* What is expected: Restate the whole of the data below word for word, skipping the images.

* Supplied material:
—————

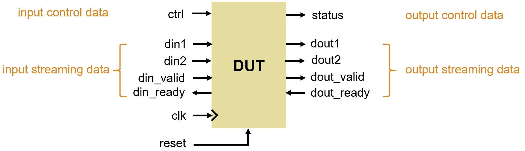A data ready signal is optional for handling backpressure from downstream data. If the DUT has data ready signal for output streaming, the data valid signal must deassert within one clock cycle after data ready signal deasserts. If the DUT doesn't have data ready signal, a clock enable signal is required.
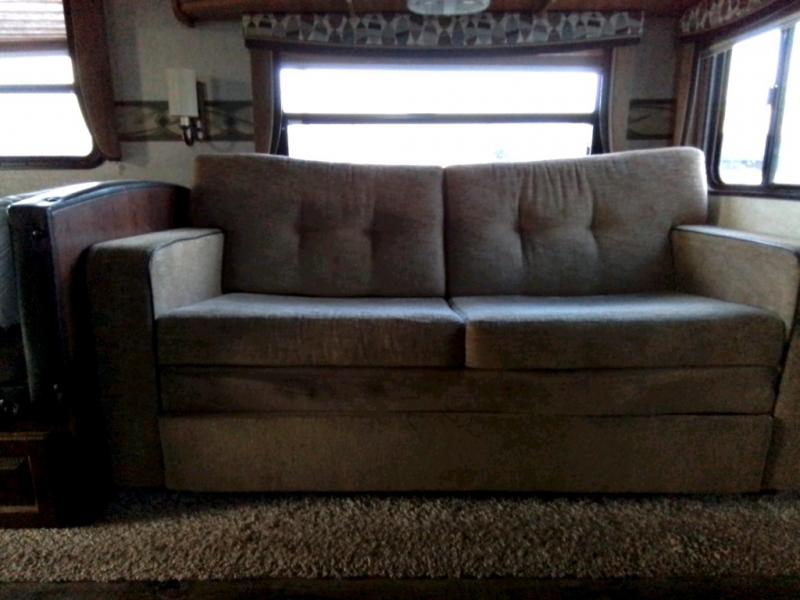 Opposite the door side is a sofa sleeper and booth dinette slide out. This slide actually continues into the rear bunkhouse behind a sliding pocket door.
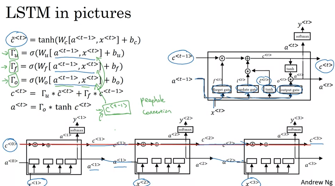 GRU와는 다르게 c<t>와 a<t>가 다르며 c<t>가 지나가는 빨간 라인을 통해 c<t>값이 보존된다.
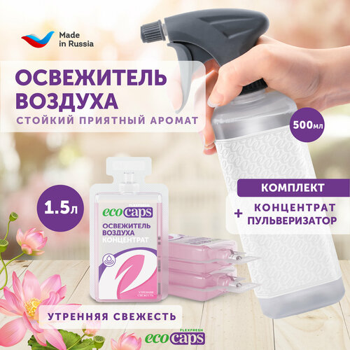 Освежитель воздуха для дома EcoCaps (концентрат для разведения водой) 3х50 мл + флакон, аромат Утренняя свежесть
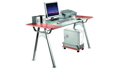 שולחן מחשב מטר פלטה מלמין שילוב זכוכית רגלי מתכת מידה 140/70/76H
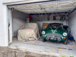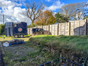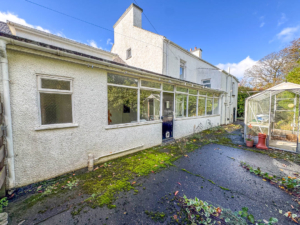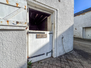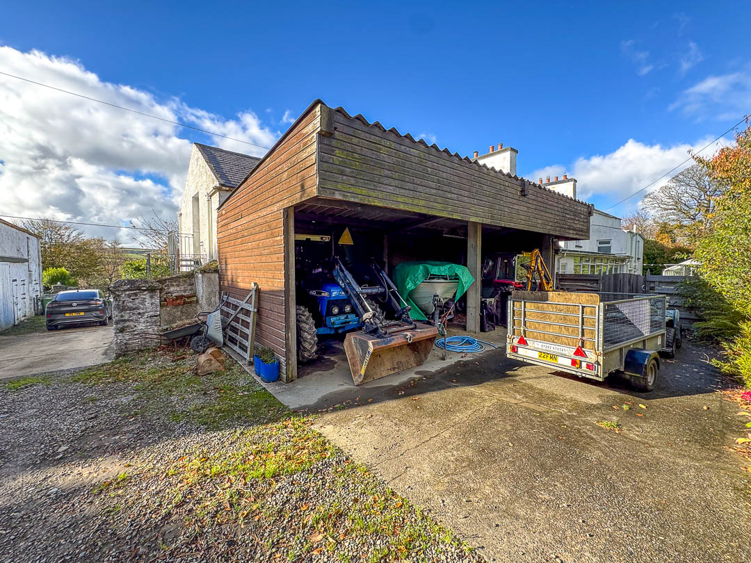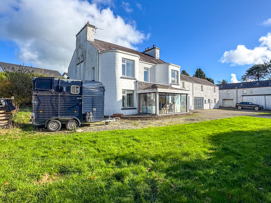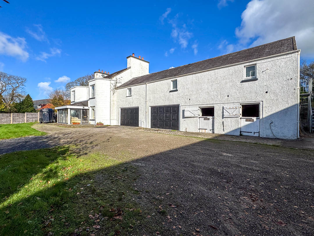 Externally, the property is approached from Ballagarey Road and benefits from extensive parking in front of the house, garages, and stables. A lawned garden to the side leads around to the rear of the property, where there is a paved yard and a covered storage area.
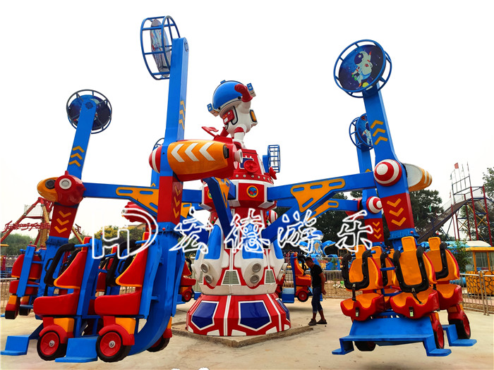 神州登月茄子视频app官网下载二维码是宏德游乐开发的新型茄子视频app官网下载二维码,以登月探索为主题,中心柱是一个造型科幻的太空飞船,其上站立一名成功登月的宇航员,手执红旗挥舞着,周围是力六个登月车,呼应主题,取名“神州登月”,带领游客探索太空的奥秘,寓教于乐,自设备安装起,其宏伟独特的造型、新颖的主题、刺激的乘坐感受,广受游客们欢迎。
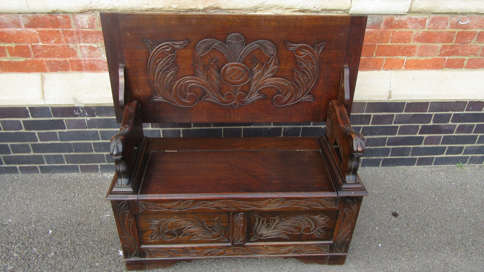 Vintage Carved Oak Monks Bench
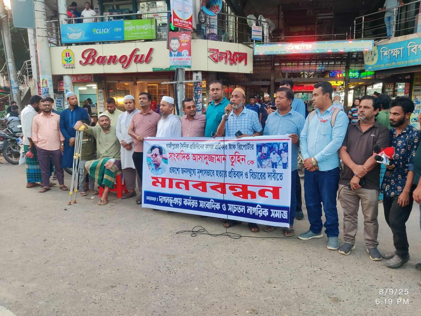 দাগনভুইয়া প্রতিনিধি :দৈনিক প্রতিদিনের কাগজ পত্রিকার স্টাফ রির্পোটার আসাদুজ্জামান তুহিন হত্যার প্রতিবাদে আজ দাগনভুইয়া বাজারে মানববন্ধন কর্মসূচি পালন করা হয়েছে। দাগনভুইয়া প্রেসক্লাবের সভাপতি মোঃ ইমাম হাছান কচির সভাপতিত্বে ও সাংবাদিক আবদুল্লাহ আল মামুনের সঞ্চালনায় সভায় বক্তব্য রাখেন, রির্পোটার্স ক্লাবের সভাপতি ইন্জিয়ার মোকারর হোসেন, প্রেসক্লাবের সাধারন সম্পাদক তবারক হোসেন, সাংবাদিক মোয়াজ্জেম হোসেন, ফখরুল ইসলাম,আলা উদ্দিন আল হাসান,শাহ আলম, উপজেলা জামায়াতের আমীর মাওলানা গাজী সালাউদ্দীন, সেক্রেটারি কামাল উদ্দিন, জাসদের সভাপতি তাজ উদ্দিন আজাদ, ইসলামী আন্দোলনের সভাপতি মিরাজ,সাবেক কাউন্সিলর ও বিএনপি নেতা গিয়াসউদ্দিন, বাসদের সিরাজ উল্যাহ, জেলা ছাত্র দলের নেতা কাজী জামশেদুর রহমান ফটিক, পৌর বিএনপির সাধারণ সম্পাদক কাজী সাইফুর রহমান স্বপন প্রমুখ।
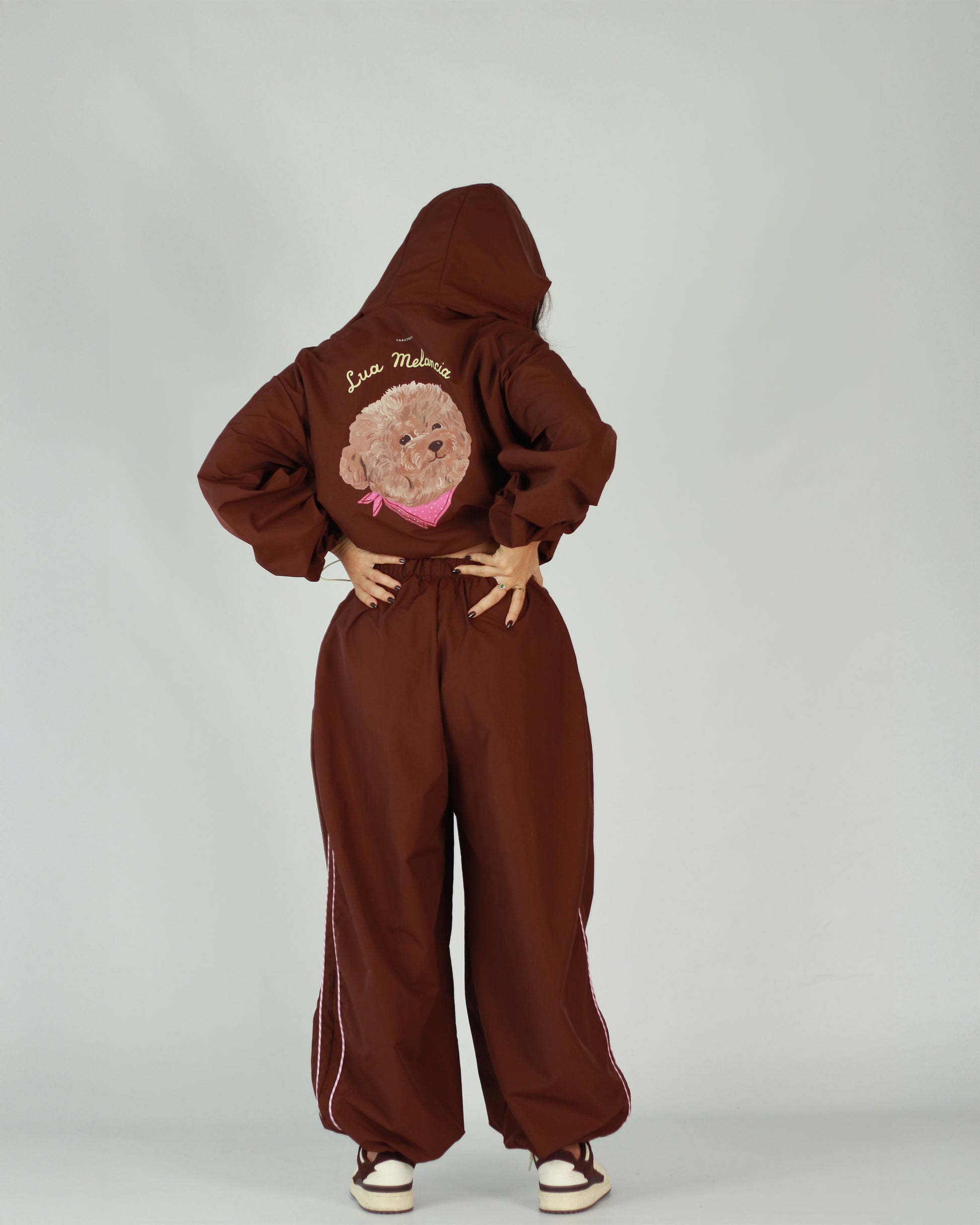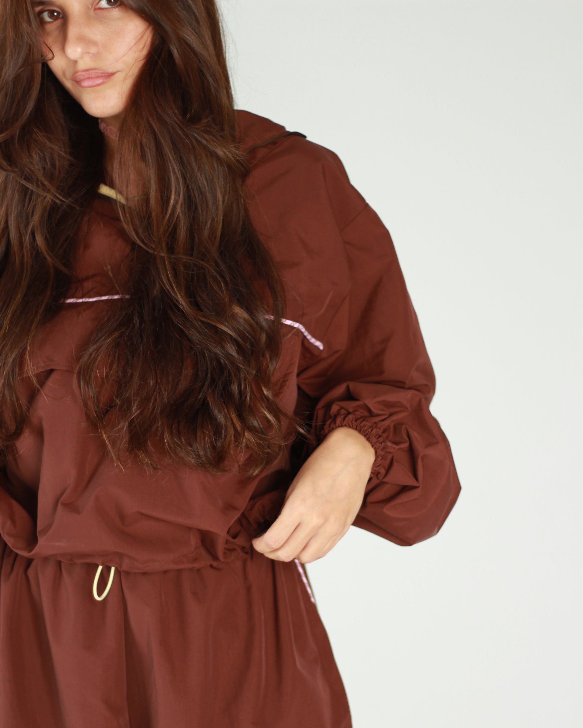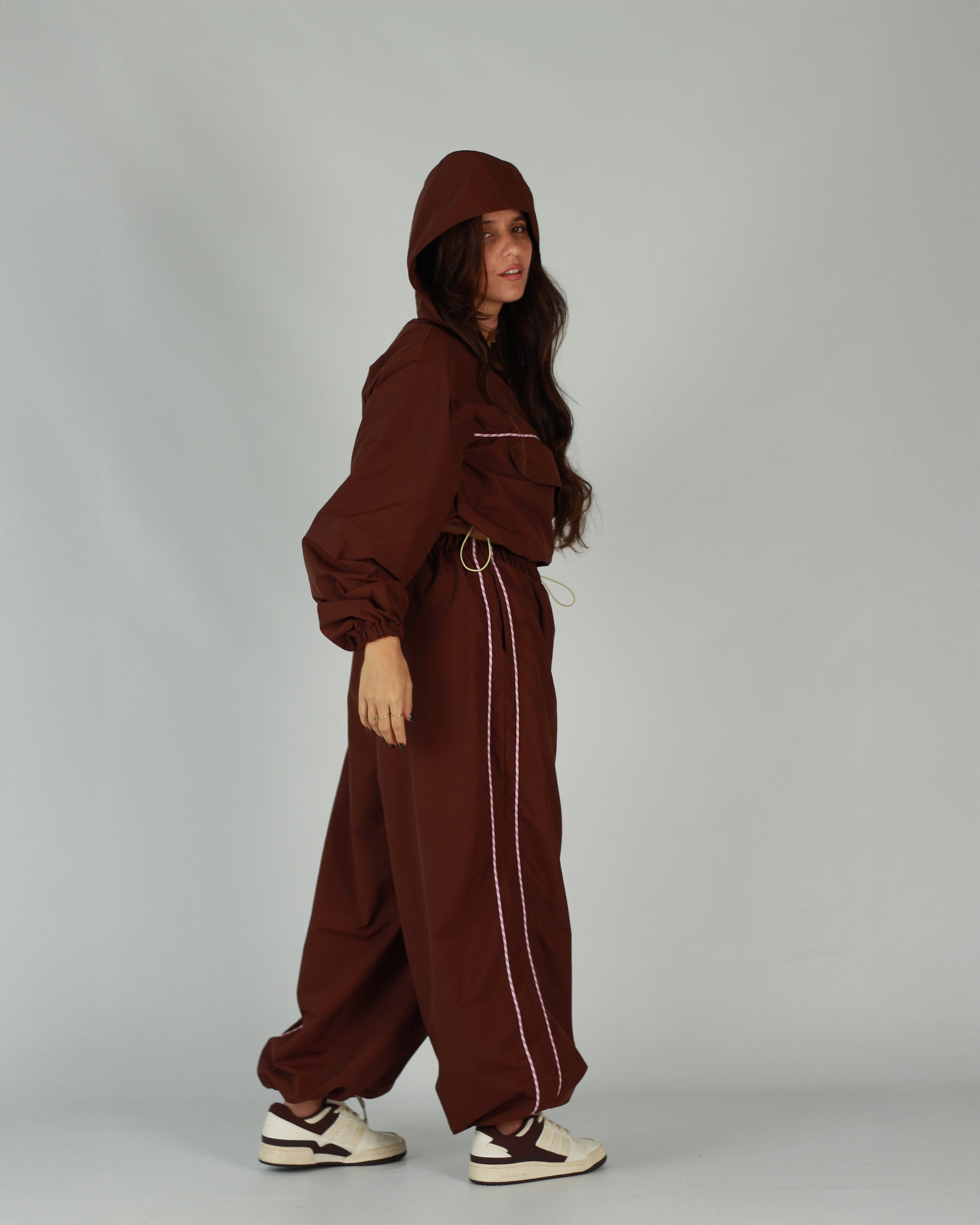 Calças de cós elástico com elástico ajustável em contraste. Estilo baggy com bainha elástica. Detalhe na lateral com vivo de cor. Bolsos na lateral.

—————

* Exercise answer:
A data ready signal is optional for handling backpressure from downstream data. If the DUT has data ready signal for output streaming, the data valid signal must deassert within one clock cycle after data ready signal deasserts. If the DUT doesn't have data ready signal, a clock enable signal is required.
 Opposite the door side is a sofa sleeper and booth dinette slide out. This slide actually continues into the rear bunkhouse behind a sliding pocket door.
 GRU와는 다르게 c<t>와 a<t>가 다르며 c<t>가 지나가는 빨간 라인을 통해 c<t>값이 보존된다.
 Освежитель воздуха для дома EcoCaps (концентрат для разведения водой) 3х50 мл + флакон, аромат Утренняя свежесть
 שולחן מחשב מטר פלטה מלמין שילוב זכוכית רגלי מתכת מידה 140/70/76H
 Externally, the property is approached from Ballagarey Road and benefits from extensive parking in front of the house, garages, and stables. A lawned garden to the side leads around to the rear of the property, where there is a paved yard and a covered storage area.
 神州登月茄子视频app官网下载二维码是宏德游乐开发的新型茄子视频app官网下载二维码,以登月探索为主题,中心柱是一个造型科幻的太空飞船,其上站立一名成功登月的宇航员,手执红旗挥舞着,周围是力六个登月车,呼应主题,取名“神州登月”,带领游客探索太空的奥秘,寓教于乐,自设备安装起,其宏伟独特的造型、新颖的主题、刺激的乘坐感受,广受游客们欢迎。
 Vintage Carved Oak Monks Bench
 দাগনভুইয়া প্রতিনিধি :দৈনিক প্রতিদিনের কাগজ পত্রিকার স্টাফ রির্পোটার আসাদুজ্জামান তুহিন হত্যার প্রতিবাদে আজ দাগনভুইয়া বাজারে মানববন্ধন কর্মসূচি পালন করা হয়েছে। দাগনভুইয়া প্রেসক্লাবের সভাপতি মোঃ ইমাম হাছান কচির সভাপতিত্বে ও সাংবাদিক আবদুল্লাহ আল মামুনের সঞ্চালনায় সভায় বক্তব্য রাখেন, রির্পোটার্স ক্লাবের সভাপতি ইন্জিয়ার মোকারর হোসেন, প্রেসক্লাবের সাধারন সম্পাদক তবারক হোসেন, সাংবাদিক মোয়াজ্জেম হোসেন, ফখরুল ইসলাম,আলা উদ্দিন আল হাসান,শাহ আলম, উপজেলা জামায়াতের আমীর মাওলানা গাজী সালাউদ্দীন, সেক্রেটারি কামাল উদ্দিন, জাসদের সভাপতি তাজ উদ্দিন আজাদ, ইসলামী আন্দোলনের সভাপতি মিরাজ,সাবেক কাউন্সিলর ও বিএনপি নেতা গিয়াসউদ্দিন, বাসদের সিরাজ উল্যাহ, জেলা ছাত্র দলের নেতা কাজী জামশেদুর রহমান ফটিক, পৌর বিএনপির সাধারণ সম্পাদক কাজী সাইফুর রহমান স্বপন প্রমুখ।
 Calças de cós elástico com elástico ajustável em contraste. Estilo baggy com bainha elástica. Detalhe na lateral com vivo de cor. Bolsos na lateral.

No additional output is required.